Weasels need to eat an amount equal to only a quarter to a third of their body weight daily. That means a mouse or two a day will do. Still, when confronted with a particularly happy hunting ground, the little terrors often will continue killing until everything in sight is dead. Studies indicate that movement triggers such massacres. As long as there's a wriggle, jiggle, or squirm in an enclosed kill area, the weasel will press its attack, often wiping out an entire colony of mice—numbering in the hundreds—or a coop full of chickens in a few furious moments.
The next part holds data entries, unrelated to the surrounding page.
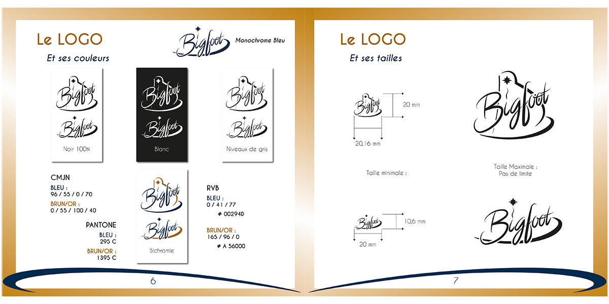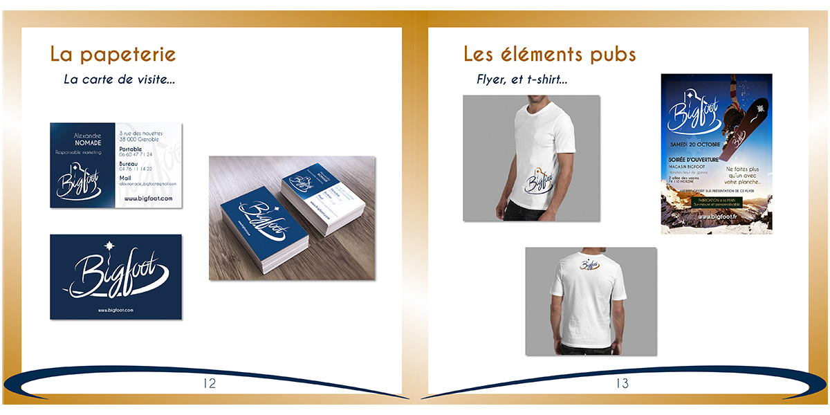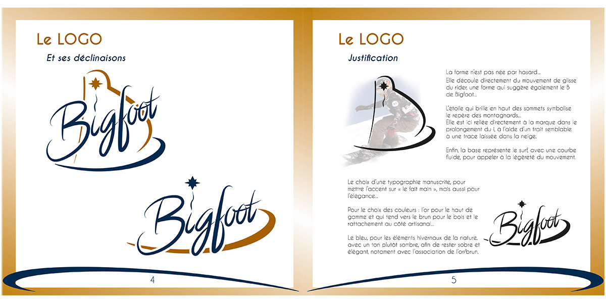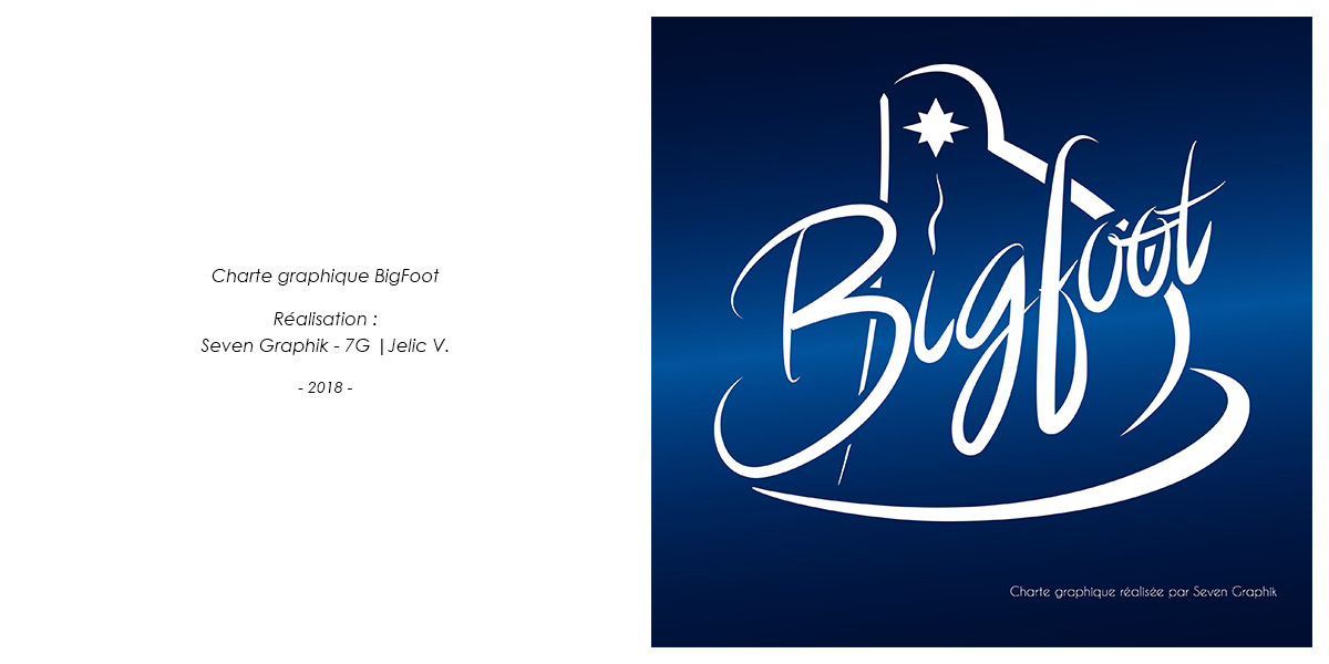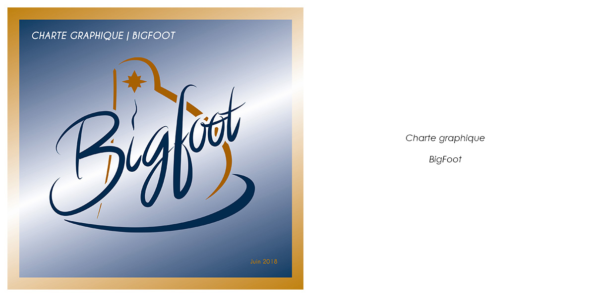 Charte graphique développée pour le lancement d'une nouvelle marque de Snowbord haut de gamme : Bigfoot La charte comprend la création du logo, ses couleurs et ses déclinaisons, ainsi que des déclinaisons graphiques pour différents support de communication.
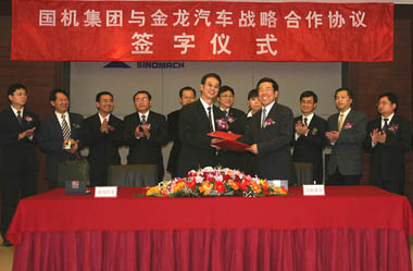 4月13日下午,中國(guó)機(jī)械工業(yè)集團(tuán)公司(國(guó)機(jī)集團(tuán))與廈門(mén)金龍汽車(chē)集團(tuán)股份有限公司(金龍汽車(chē))戰(zhàn)略合作框架協(xié)議簽字儀式在國(guó)機(jī)集團(tuán)大廈舉行。國(guó)機(jī)集團(tuán)總裁任洪斌、金龍汽車(chē)總經(jīng)理孫建華代表雙方在協(xié)議上簽字。根據(jù)雙方簽署的協(xié)議, 國(guó)機(jī)集團(tuán)和金龍汽車(chē)將本著“優(yōu)勢(shì)互補(bǔ)拓市場(chǎng),強(qiáng)強(qiáng)聯(lián)合樹(shù)品牌”的原則,充分發(fā)揮各自在汽車(chē)領(lǐng)域的市場(chǎng)資源和產(chǎn)品優(yōu)勢(shì),共同組織金龍汽車(chē)客車(chē)類(lèi)產(chǎn)品的海外市場(chǎng)開(kāi)拓、產(chǎn)品營(yíng)銷(xiāo)和售后服務(wù)活動(dòng),努力開(kāi)拓金龍汽車(chē)的海外市場(chǎng),為民族汽車(chē)工業(yè)的發(fā)展貢獻(xiàn)力量。
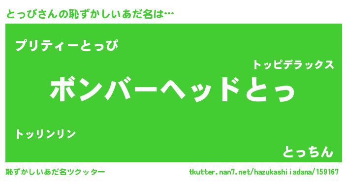 | ヒーロー風カッコイイあだ名 | 『慈愛の使者とっぴ』『スーパートッピ』 |
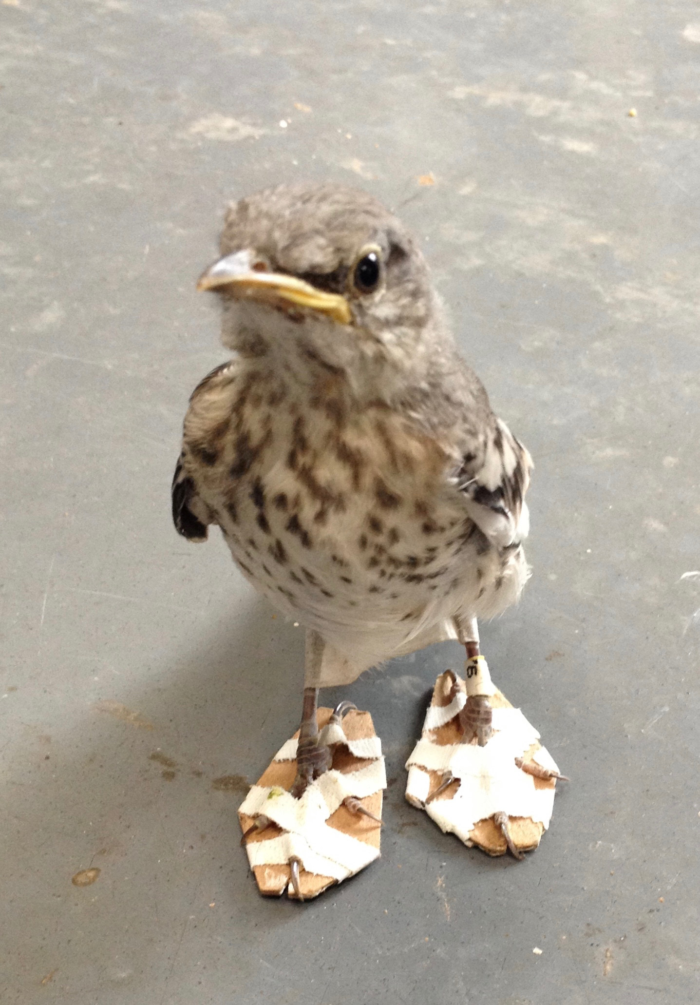 What do you do when you find a tiny Northern Mockingbird with impaired feet? You take some cardboard and tape, add a bit of creativity and come up with an awesome solution to fix it!
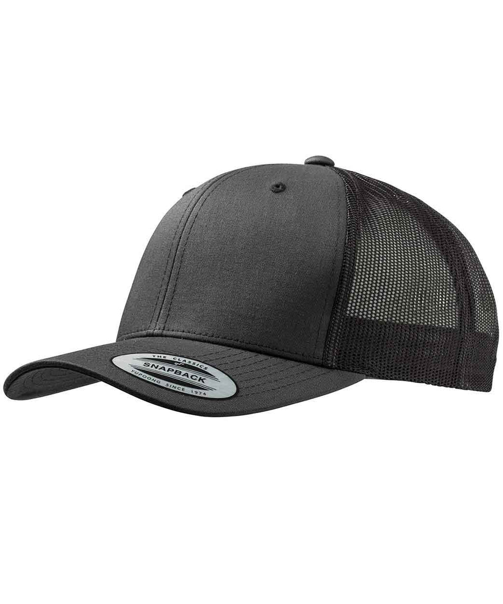 A retro trucker 2-tone cap with 6-panels and curved visor. This popular cap with mesh features, matching under visor and has a plastic adjustable strap. Made from cotton blended fabric and part of the Flexfit® classics range.
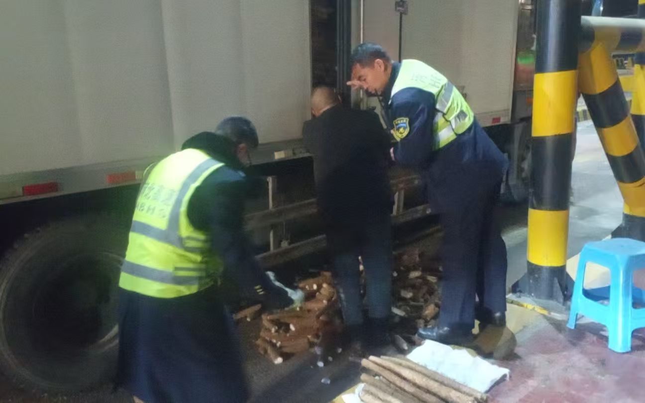 2月4日凌晨5時(shí)13分,王師傅駕駛滿載山藥的貨車駛?cè)胂愫游魇召M(fèi)站綠通查驗(yàn)通道,工作人員按規(guī)定開(kāi)始查驗(yàn)流程。不料,車門打開(kāi)過(guò)程中,數(shù)十斤山藥順著車廂邊緣滾落,散落在車道內(nèi)。王師傅見(jiàn)狀瞬間慌了神,一邊擔(dān)心貨物受損,一邊害怕影響車道通行,急得手足無(wú)措。

Understandably, the weasel is considered "bloodthirsty"—a term appearing repeatedly in most of the biology texts I've read. Today we know that bloodthirstiness is a false charge, that the weasel isn't some vampire guzzler of blood, and that its predatory excesses are sparked, not by evil intent (and certainly not by stomach parasites), but by instinct; in the weasel's genes it is programmed that he must lay in food when it's available, against those inevitable times when the pickings will be slim. There's little waste, since most species cache their excess kills in underground larders for future meals.